I closed my eyes tightly, to stop the vision he created and the warm salt tears that would betray me. Always could Makalaurë speak to my heart, where even Maitimo and Ambarussa failed. But to Aulë was I bound by oath. And I loved the Valar – I could not be part of this rebellion against them, nay, not even for those others I loved.

"I was not there at that time, and that of thy father’s doing!" said I, with determination not to succumb. Swiftly I reached out to my son, and Makalaurë came close to me so that I could kiss his brow and bless him upon his journey. "I wish the path before thee were easier, and always have I wished thee joy, my dear one."

He kissed me in turn, a wry smile touching the corners of his lips. "When we have done what is needful; when we have vengeance for our grandsire and the Silmarils are restored to us; when Arda is safe from Moringotho once again, then will I return for thee and for Enyalimë. I will come back for thee!" he stated with such determination that I almost believed him. But my insight told me that once he left the shores of Aman I would not see him again for many an age.
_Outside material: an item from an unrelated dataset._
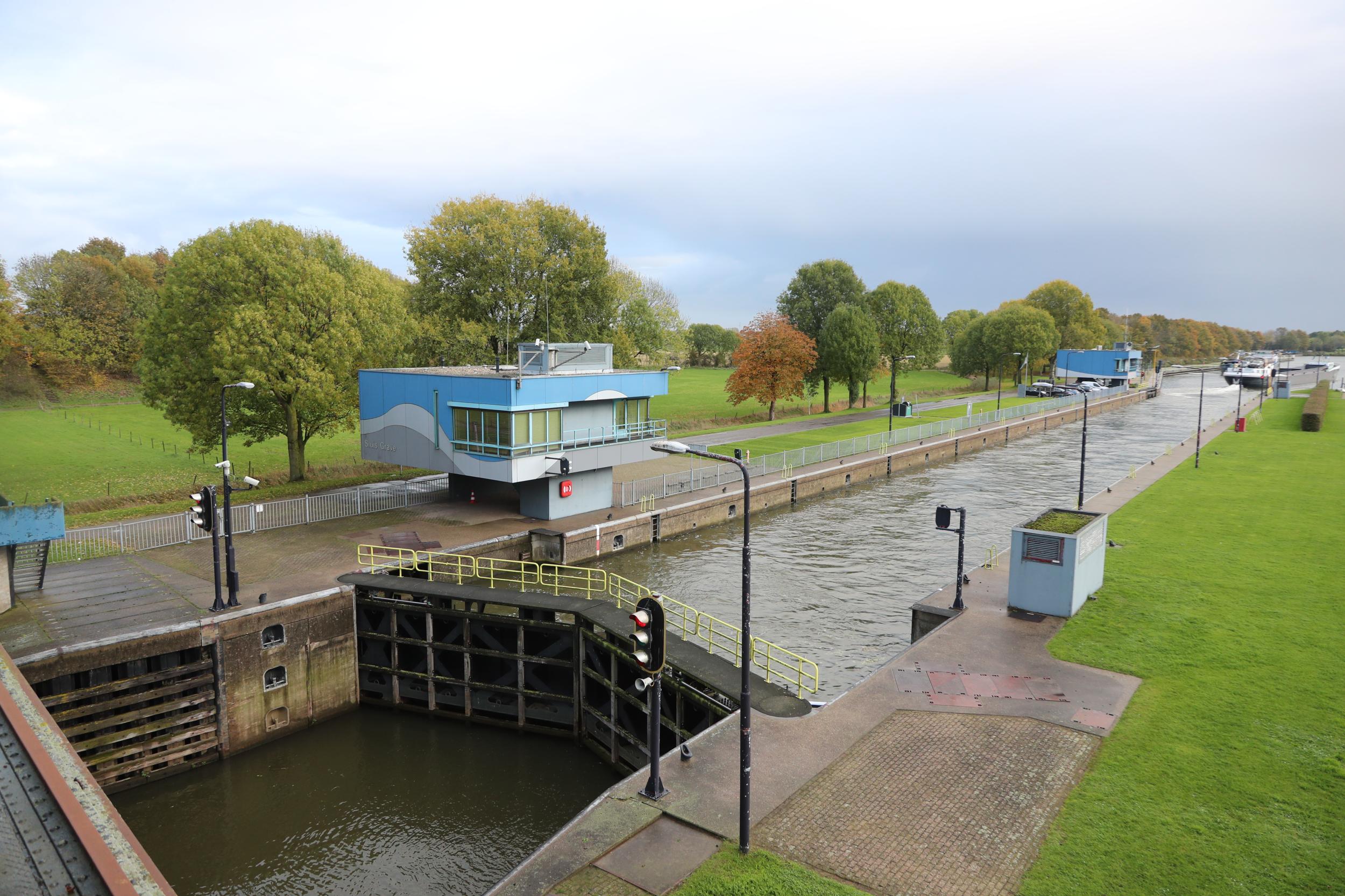 Ook sluis Grave ligt in twee provincies. De sluis, de oude sluis en de helft van de stuw ligt in Gelderland, de rest in Noord Brabant.

Then was he gone from the door of our house, and away to the great gate to join his father and brothers.

He whose powerful voice could cleave hearts and minds with its golden glory was gone. "Farewell, Makalaurë!" I whispered, as his form faded swiftly from my sight amongst the crowds. "May the Valar yet recall thy songs of thanksgiving unto them. May the Valar yet watch over thee."

- - - - -

Makalaurë - Maglor

Maitimo - Maedhros

Wirilomë – Ungoliant

Findekáno - Fingon

Nermir and Tavari – Fays of the meadows and fays of the woods; as mentioned in The Book of Lost Tales.

Tyelkormo - Celegorm

Nolofinwë - Fingolfin

indyo - Grandchild.

Fëalindo - Spirit of Song, I think

Tyelpinquar -Celebrimbor

Notes:

Regarding the celebration of the festival, I have used ideas from both HoME 1 and The Silmarillion. I am implying that there was a festival every seven years in Valmar, to celebrate the gathering of first fruits, and to praise Eru. Also, the arrival of the Noldor and Vanyar in Aman was celebrated at this time.(HoME 1), But every twenty-one years there was a feast of the greatest magnificence, lasting seven days, upon Taniquetil.